Try it
Everything in the records below from the line containing "11月17日下午,球王会体育" through the line containing "We knew AI-based" is to be reproduced exactly, those two lines included; no picture is to be copied.
BEGIN Task input
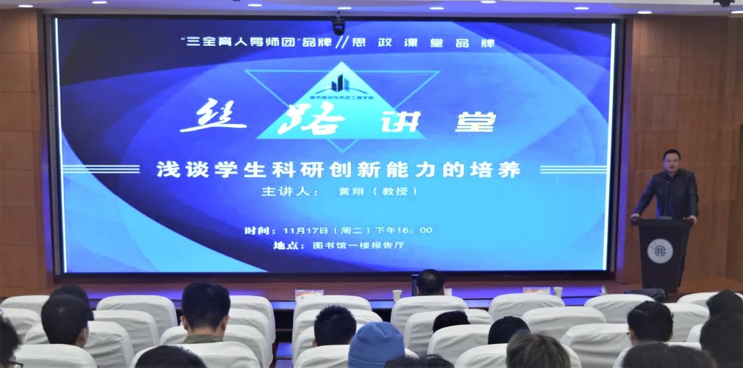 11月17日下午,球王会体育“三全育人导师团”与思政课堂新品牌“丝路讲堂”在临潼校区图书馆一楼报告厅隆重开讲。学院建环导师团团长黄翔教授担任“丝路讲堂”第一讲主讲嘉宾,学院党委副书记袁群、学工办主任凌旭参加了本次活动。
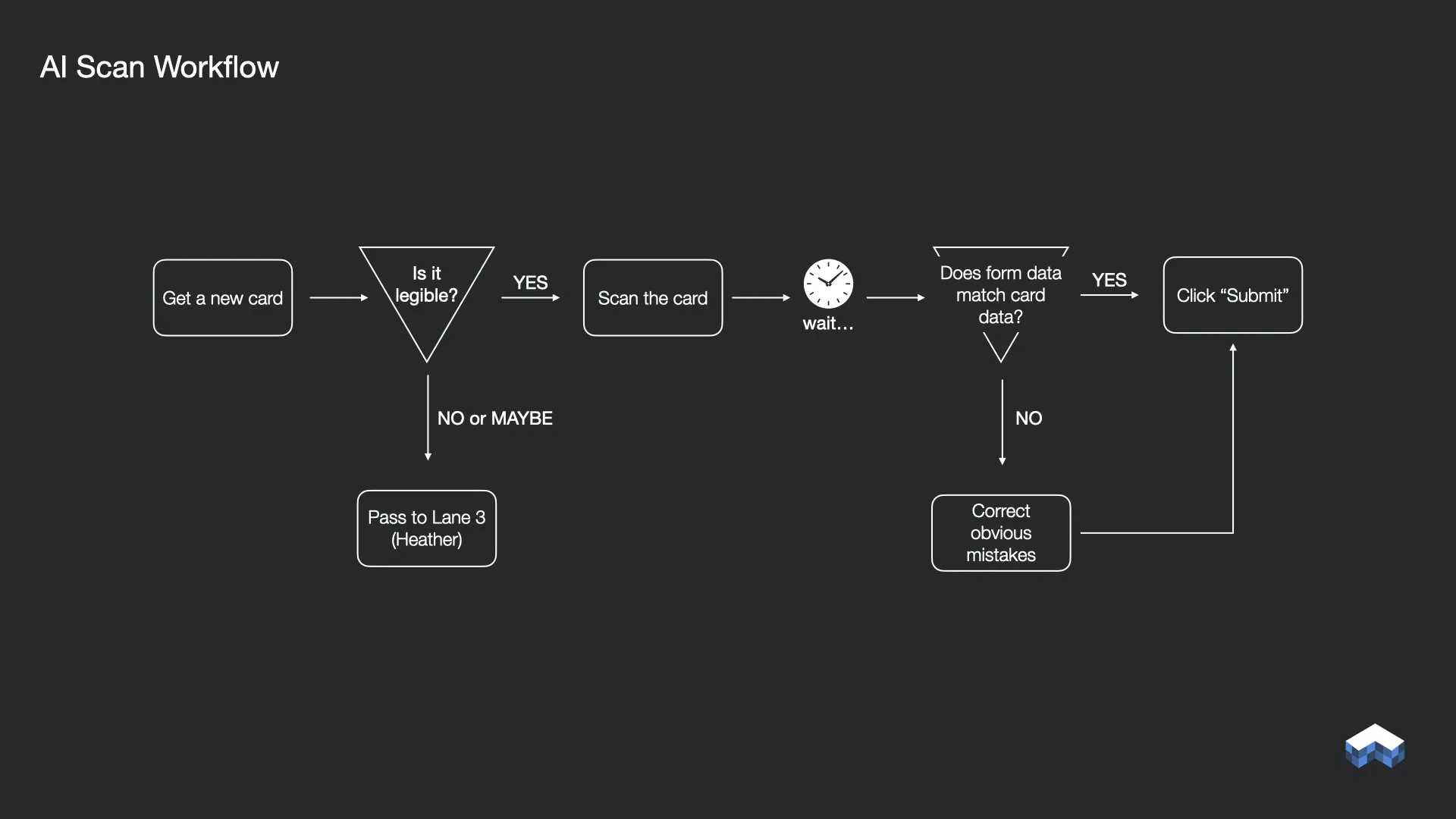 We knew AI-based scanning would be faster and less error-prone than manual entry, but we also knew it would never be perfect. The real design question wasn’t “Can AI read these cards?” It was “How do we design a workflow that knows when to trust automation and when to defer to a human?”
END Task input
BEGIN Task input
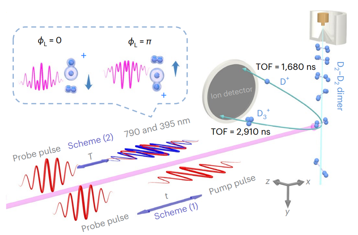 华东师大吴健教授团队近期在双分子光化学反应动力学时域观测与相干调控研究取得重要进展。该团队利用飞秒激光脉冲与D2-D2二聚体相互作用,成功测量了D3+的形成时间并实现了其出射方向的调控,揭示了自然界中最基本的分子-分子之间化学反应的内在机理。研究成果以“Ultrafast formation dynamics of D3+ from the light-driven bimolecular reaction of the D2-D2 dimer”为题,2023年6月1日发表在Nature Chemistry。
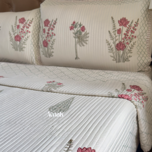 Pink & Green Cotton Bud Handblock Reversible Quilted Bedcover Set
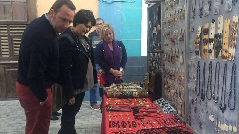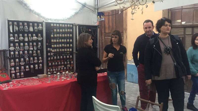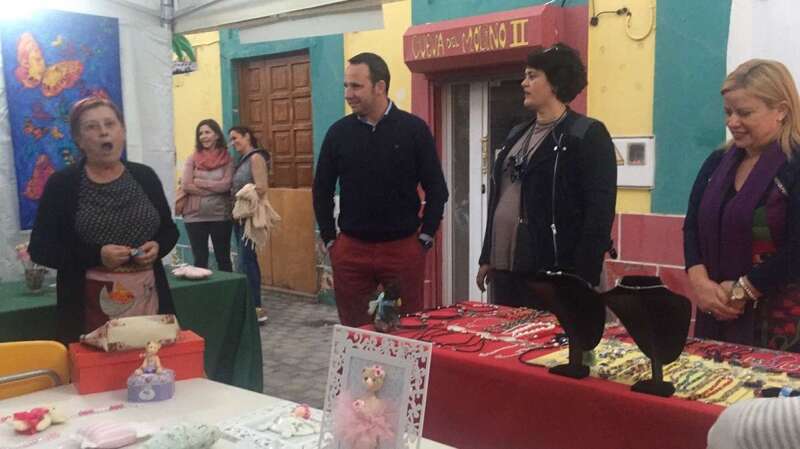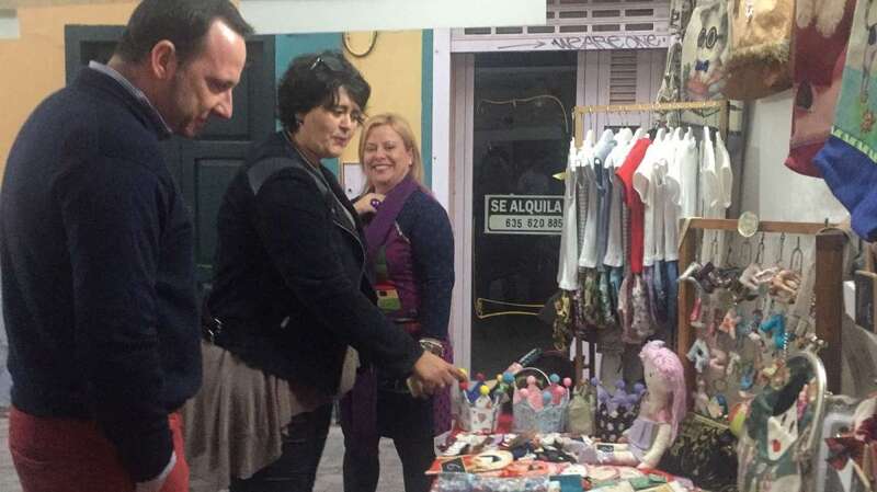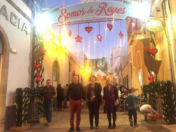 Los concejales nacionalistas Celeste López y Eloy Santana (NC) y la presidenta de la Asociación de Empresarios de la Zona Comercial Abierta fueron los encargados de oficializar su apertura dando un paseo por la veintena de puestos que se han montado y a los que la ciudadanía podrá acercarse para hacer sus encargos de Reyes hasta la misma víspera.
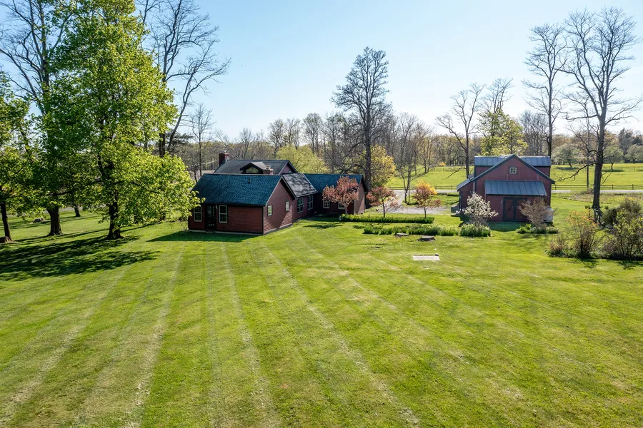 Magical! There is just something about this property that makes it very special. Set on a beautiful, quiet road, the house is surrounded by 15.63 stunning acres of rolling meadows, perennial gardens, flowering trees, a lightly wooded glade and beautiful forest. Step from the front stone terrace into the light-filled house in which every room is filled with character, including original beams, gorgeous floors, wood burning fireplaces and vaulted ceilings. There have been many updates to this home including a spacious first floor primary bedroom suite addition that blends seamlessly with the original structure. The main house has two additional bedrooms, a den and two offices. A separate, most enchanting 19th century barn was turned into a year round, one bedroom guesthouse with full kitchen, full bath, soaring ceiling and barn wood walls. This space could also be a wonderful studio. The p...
END Task input
Solution for this exercise
 11月17日下午,球王会体育“三全育人导师团”与思政课堂新品牌“丝路讲堂”在临潼校区图书馆一楼报告厅隆重开讲。学院建环导师团团长黄翔教授担任“丝路讲堂”第一讲主讲嘉宾,学院党委副书记袁群、学工办主任凌旭参加了本次活动。
 We knew AI-based scanning would be faster and less error-prone than manual entry, but we also knew it would never be perfect. The real design question wasn’t “Can AI read these cards?” It was “How do we design a workflow that knows when to trust automation and when to defer to a human?”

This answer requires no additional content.